**Problem**
In the listing below, find the line with "Un vent de 20/25" and the line with "Nistkästen und Futterhäuschen". Repeat those two lines and all lines between them exactly.

**Record set**
● ● ● ● ●

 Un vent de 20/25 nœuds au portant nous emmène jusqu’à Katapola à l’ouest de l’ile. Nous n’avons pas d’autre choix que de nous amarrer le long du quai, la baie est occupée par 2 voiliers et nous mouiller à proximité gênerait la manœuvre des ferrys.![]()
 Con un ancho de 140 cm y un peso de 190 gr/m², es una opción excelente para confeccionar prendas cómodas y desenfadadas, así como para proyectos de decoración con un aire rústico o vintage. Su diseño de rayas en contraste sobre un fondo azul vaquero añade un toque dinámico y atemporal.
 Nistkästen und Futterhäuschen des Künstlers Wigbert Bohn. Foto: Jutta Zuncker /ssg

● ● ● ● ●

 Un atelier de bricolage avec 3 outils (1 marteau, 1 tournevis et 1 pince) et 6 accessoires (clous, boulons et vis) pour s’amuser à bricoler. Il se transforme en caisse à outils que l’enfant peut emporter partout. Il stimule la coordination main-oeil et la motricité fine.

● ● ● ● ●

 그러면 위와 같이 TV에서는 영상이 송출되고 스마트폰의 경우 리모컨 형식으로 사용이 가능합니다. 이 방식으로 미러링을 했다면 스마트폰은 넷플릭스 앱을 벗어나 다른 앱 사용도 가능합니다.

● ● ● ● ●

**Exercise response**
 Un vent de 20/25 nœuds au portant nous emmène jusqu’à Katapola à l’ouest de l’ile. Nous n’avons pas d’autre choix que de nous amarrer le long du quai, la baie est occupée par 2 voiliers et nous mouiller à proximité gênerait la manœuvre des ferrys.![]()
 Con un ancho de 140 cm y un peso de 190 gr/m², es una opción excelente para confeccionar prendas cómodas y desenfadadas, así como para proyectos de decoración con un aire rústico o vintage. Su diseño de rayas en contraste sobre un fondo azul vaquero añade un toque dinámico y atemporal.
 Nistkästen und Futterhäuschen des Künstlers Wigbert Bohn. Foto: Jutta Zuncker /ssg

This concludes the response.